### Work to complete
Copy out exactly the stretch of the listing below that begins at the line containing "在陈小寨村两委会办公室,城改" and ends at the line containing "Θήκη τηλεφώνου από", and copy nothing outside it.

### Given data
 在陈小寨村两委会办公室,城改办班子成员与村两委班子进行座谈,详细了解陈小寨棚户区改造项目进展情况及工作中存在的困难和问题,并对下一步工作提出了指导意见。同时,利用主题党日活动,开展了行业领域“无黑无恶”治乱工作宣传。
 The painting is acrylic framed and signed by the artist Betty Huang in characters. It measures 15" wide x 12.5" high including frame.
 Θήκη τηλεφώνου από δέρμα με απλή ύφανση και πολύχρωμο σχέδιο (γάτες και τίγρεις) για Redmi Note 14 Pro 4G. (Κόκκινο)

* * *

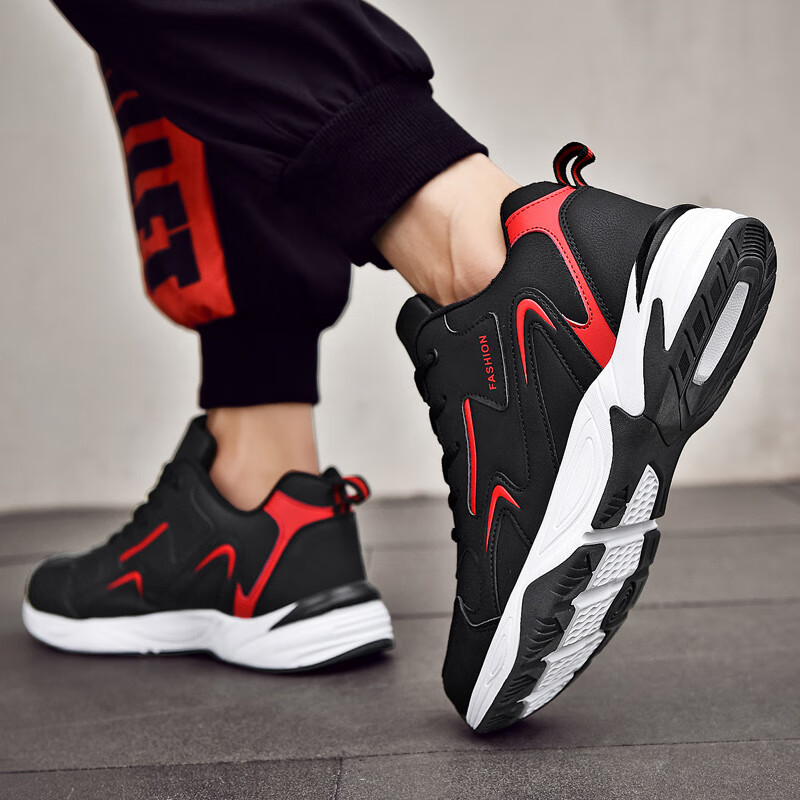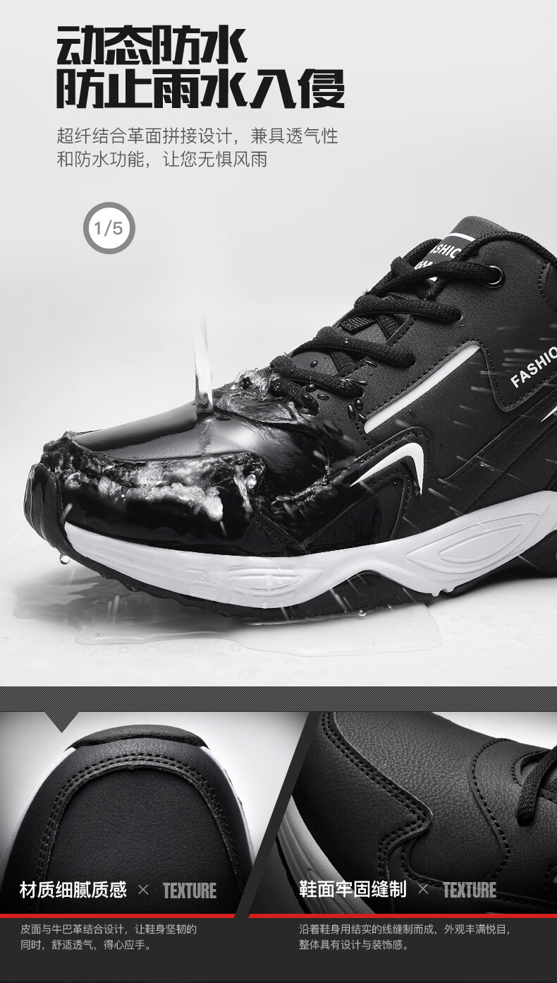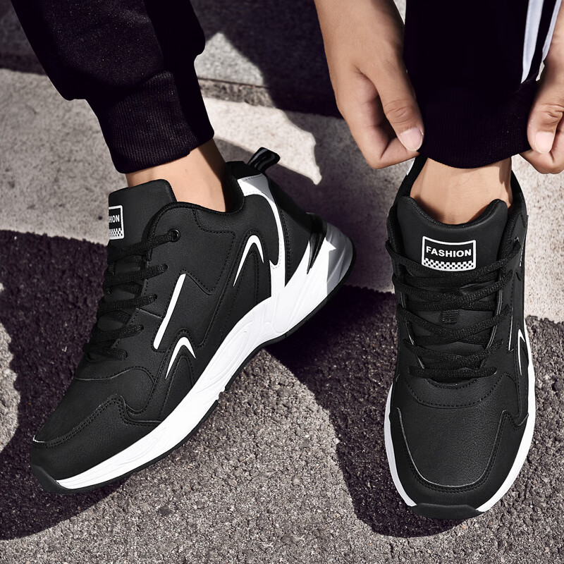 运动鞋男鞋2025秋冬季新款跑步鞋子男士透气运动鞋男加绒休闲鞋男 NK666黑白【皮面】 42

### Result for this exercise
 在陈小寨村两委会办公室,城改办班子成员与村两委班子进行座谈,详细了解陈小寨棚户区改造项目进展情况及工作中存在的困难和问题,并对下一步工作提出了指导意见。同时,利用主题党日活动,开展了行业领域“无黑无恶”治乱工作宣传。
 The painting is acrylic framed and signed by the artist Betty Huang in characters. It measures 15" wide x 12.5" high including frame.
 Θήκη τηλεφώνου από δέρμα με απλή ύφανση και πολύχρωμο σχέδιο (γάτες και τίγρεις) για Redmi Note 14 Pro 4G. (Κόκκινο)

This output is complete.